The pubmed data can be loaded in using pubmed_data_loader.py. The data loader requires a path to be specified when called.

Example

[zhills@gpu04 Citation-Galaxies]$ nohup python -u pubmed_data_loader.py /Pubmed/non-commercial/ &

It is important to make sure that the path points to either the commercial or non-commercial folder in the pubmed dataset. These folders exist in the bulk download of Pubmed. The nohup will ensure you can close the terminal and it will keep running. The & at the end flushes the output buffers to ensure the print functions and errors are being put into the nohup.out file. You can track the progress of the script in the nohup.out file.

Database Breakdown

User Tables

It is important to note that the user id is constantly used with the snapshot logs and the user rules. The user id is stored in their session and is readily available in any api call through req.session.userId. The user passwords are encrypted using bcrypt it is extremely important not to change that. The tables that store the user's work is named after the user's id. For example, if Arthur's id is 3 his table would be user_temp_table_3.

Pubmed Tables

The arrangement of the data in the tables is for a specific purpose of reducing overhead for calculations. The search query heavily relies on analyzing the data residing in the pubmed_text tables. By moving all of the pubmed_meta and pubmed_data into their own tables it requires significantly less overhead for the searches. The meta info is used specifically in the paper view page for filtering papers and displaying the meta information in the paper overlay. Furthermore, by separating the meta from the other data it is much easier to accomplish the task of filtering the papers and getting specific meta information with much less overhead. Lastly, the one caveat is when exporting the data everything has to be joined together and prepped to be downloaded. The way the database is currently setup it hinders the download process. One thing to look into in the future is some way of alleviating the overhead caused by exporting the data. The data is separated into year specific tables for the ability to use parallel processing to achieve better performance for the queries. I would highly recommend keeping the data separated into years.

Erudit Tables

The arrangement of the erudit data follows the exact same layout as Pubmed. Erudit does not need to be separated this way; however, it was done to ensure consistency between the two sets of data. If their is time the backend could be refactored to support erudit in a different database schema, although I am not sure what the benefit of that would be.
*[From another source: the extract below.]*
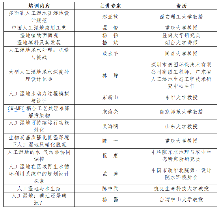2022年人工湿地污水处理技能提升高级研修线上培训班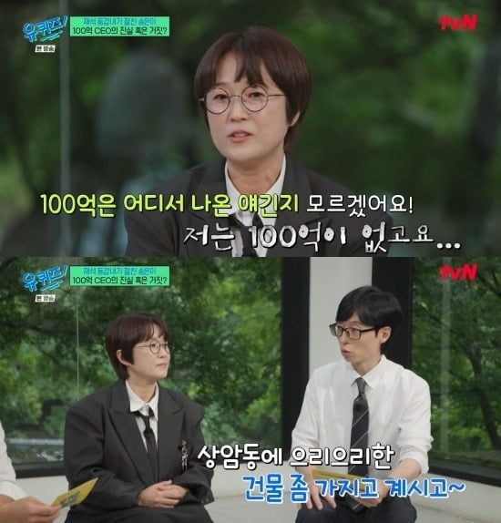 송은이는 “조 단위 자산을 가진 분도 계시는데, 100억이라는 표현은 좀 민망하다”며 너스레를 떨며 손사래를 쳤다. 앞서 유재석에 관해서는 ‘재산 1조설’이 불거진바 있다.

Common Developer Questions

How do I load new pubmed data in?

The first task is to create three new tables in the database: pubmed_meta_2021, pubmed_text_2021, pubmed_data_2021. The next step is to use the pubmed_data_loader.py and pass the directory that contains the new data in it. After the data has loaded in delete any records that don't have citations in it.

delete from pubmed_text_2021 where citations_full_text_sentences is null;

Next go to statics.js and change the max_year.

//statics.js
const STATICS = {
    YEAR_SPAN = { min_year: 2003, max_year: 2020 },
};

Your new data is now available to be analyzed by users!

How do I add new code to the frontend?

Due to Citation Galaxy having 3 separate major version the front end has had a lot of code changed/altered/removed or added. Currently, newfront.js is your safe haven to avoid the legacy code. Add your new code to newfront.js and initialize or add your hooks in the function setupEventHandlers().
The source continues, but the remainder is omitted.